简体繁体 English

在“重载一天”之后，Linux 上的 Rebol 2 进程在 SIGTERM 上停止

[英]Rebol 2 process on Linux halts on SIGTERM after a "day of heavy load"

原文 2017-01-26 19:16:10 3 1 linux/ rebol/ rebol2/ cheyenne

I am using Cheyenne for a relatively high-load web application.我将 Cheyenne 用于相对高负载的 Web 应用程序。 It works great and fast.它工作得很好而且很快。 But I have a problem that started appearing after upgrade to Ubuntu 14.04, or I started noticing it then because the load increased.但是我在升级到 Ubuntu 14.04 后开始出现问题，或者我开始注意到它，因为负载增加了。

After few days of working, when a Rebol worker process should exit, the process starts to consume 100% CPU and "does nothing".经过几天的工作，当 Rebol 工作进程应该退出时，该进程开始消耗 100% 的 CPU 并且“什么都不做”。 I looked at process with strace and when it's in 100 CPU it doesn't call the OS in any way.我用strace查看了进程，当它在 100 个 CPU 中时，它不会以任何方式调用操作系统。 I looked at the Cheyenne worker code (if there is any fault there) and the code executes OK to the Rebol command exit .我查看了 Cheyenne 工人代码（如果那里有任何错误）并且代码对 Rebol 命令exit执行 OK 。 This command makes it loop forever.这个命令使它永远循环。 It's the same if I try to kill the process with sigterm .如果我尝试使用sigterm 终止进程也是如此。
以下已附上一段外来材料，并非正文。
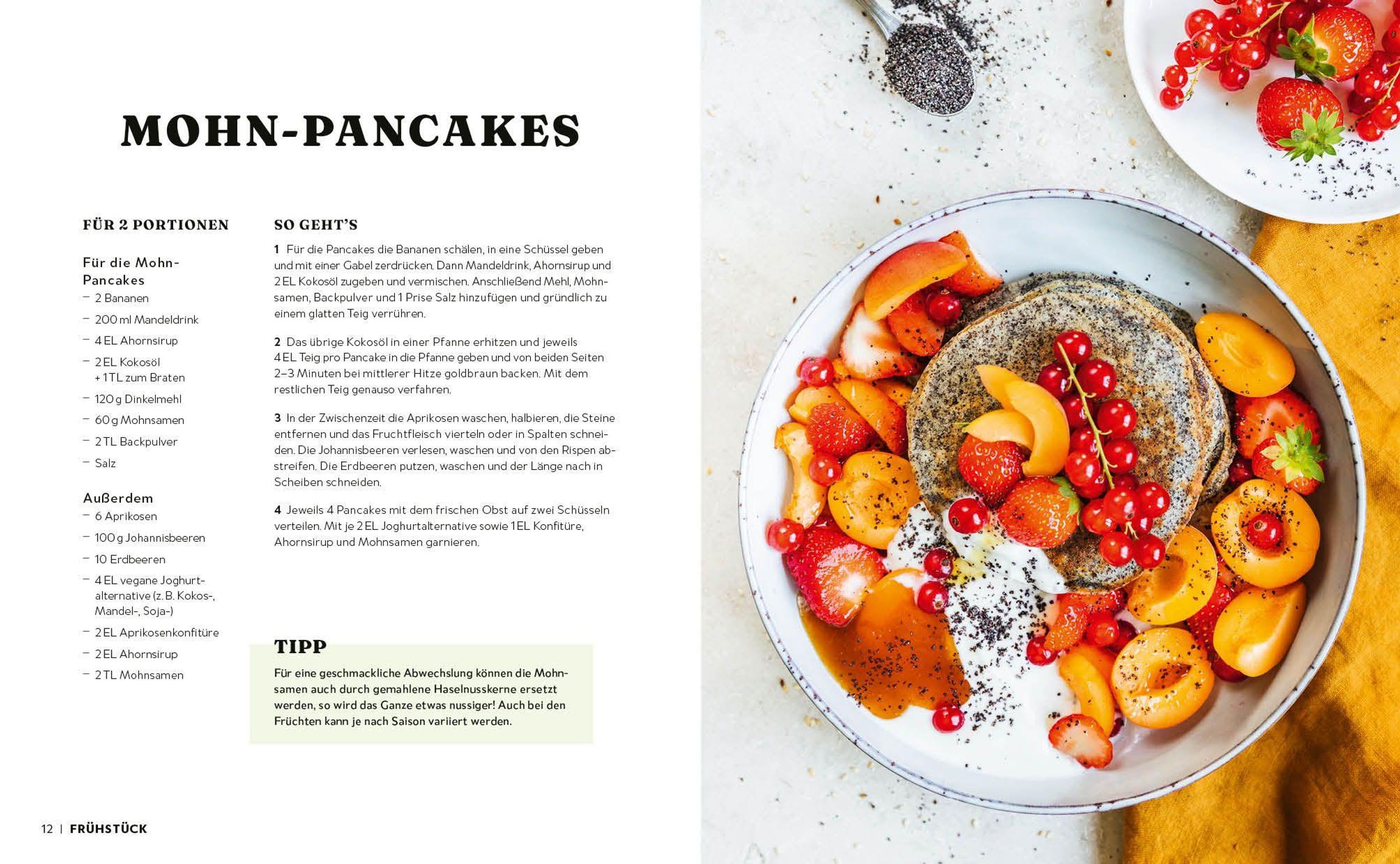 Mohn-Pancakes, Paprika-Fajitas, Couscous-Gemüsepfanne, fruchtigerSommer-Salat, schnelles Tiramisu - die vegane Küche ist bunt und aromatisch. Hier ist für jede*n Genießer*in was dabei!
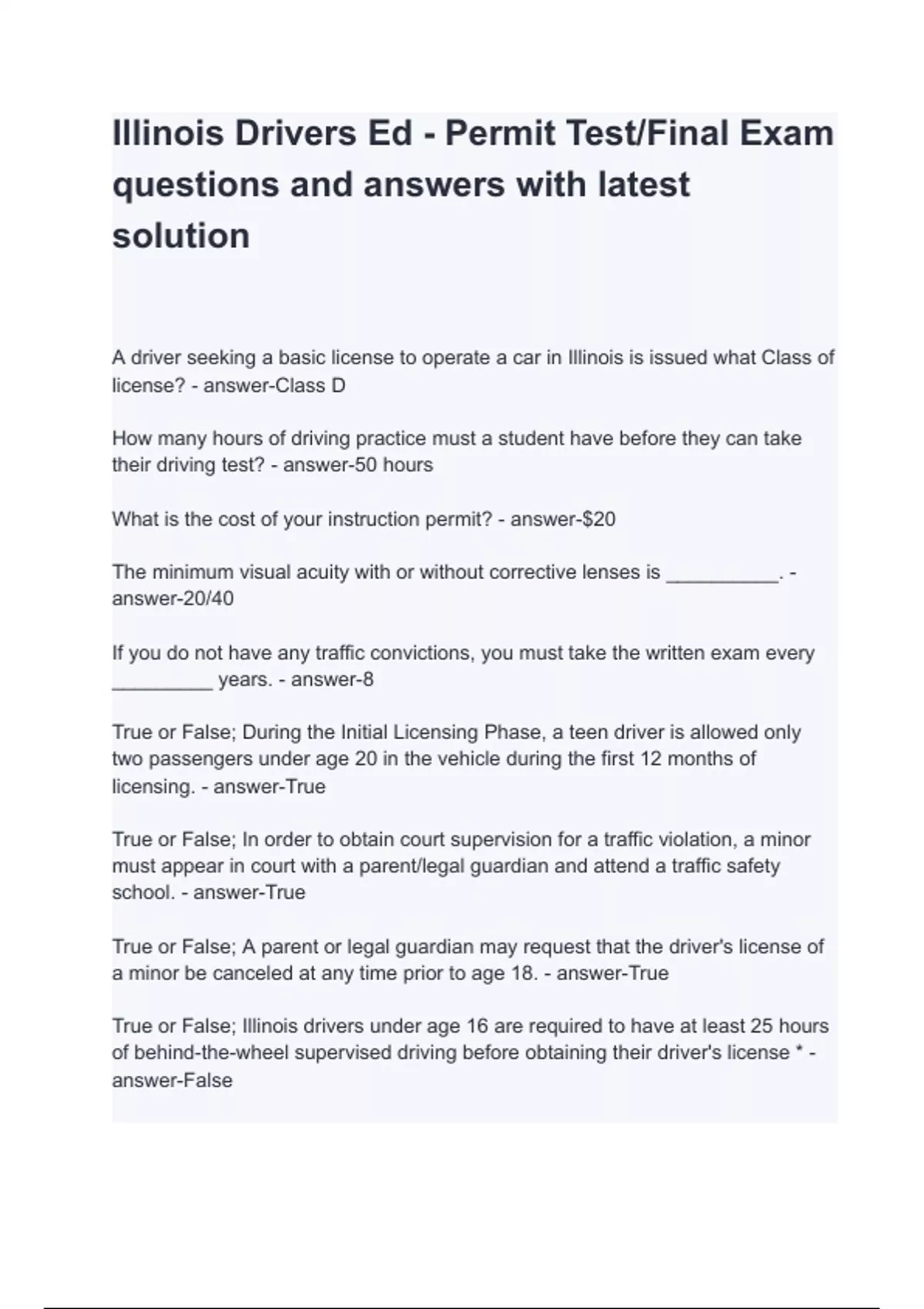 Illinois Drivers Ed - Permit Test/Final Exam questions and answers with latest solution A driver seeking a basic license to operate a car in Illinois is issued what Class of license? - answer-Class D How many hours of driving practice must a student have before they can take their driving test? - answer-50 hours What is the cost of your instruction permit? - answer-$20 The minimum visual acuity with or without corrective lenses is __________. - answer-20/40 If you do not have any traffic convictions, you must take the written exam every _________ years. - answer-8 True or False; During the Initial Licensing Phase, a teen driver is allowed only two passengers under age 20 in the vehicle during the first 12 months of licensing. - answer-True True or False; In
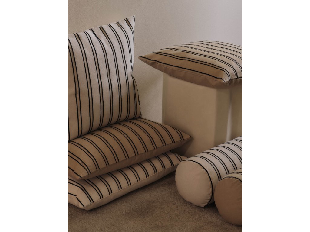 Tento elegantní povlak na polštář z kepru od ferm LIVING okamžitě zaujme svým minimalistickým designem. Béžová barva s kontrastními černými proužky přináší do vašeho interiéru nadčasový skandinávský styl. Ať už ho umístíte na postel, oblíbené křeslo ve vašem čtecím koutku, pohovku v obývacím pokoji, vytvoříte s jeho pomocí harmonické místo pro odpočinek a relaxaci.

I can then kill it with sigkill .然后我可以用sigkill杀死它。 The process only gets into this state after few days of heavy load, and I haven't been able to replicate it in non-production environment or on local computer.该过程仅在几天的重负载后才进入此状态，并且我无法在非生产环境或本地计算机上复制它。

My naive thinking is that it loops forever while trying to clear it's memory before exiting, or maybe the open files / sockets.我天真的想法是它会在退出之前尝试清除内存或打开的文件/套接字时永远循环。 I looked the processes before/after with lsof (and similar), but since the event isn't easily reproducible haven't figured anything out yes.我用lsof （和类似的）查看了之前/之后的过程，但是由于该事件不容易重现，所以我没有想出是的。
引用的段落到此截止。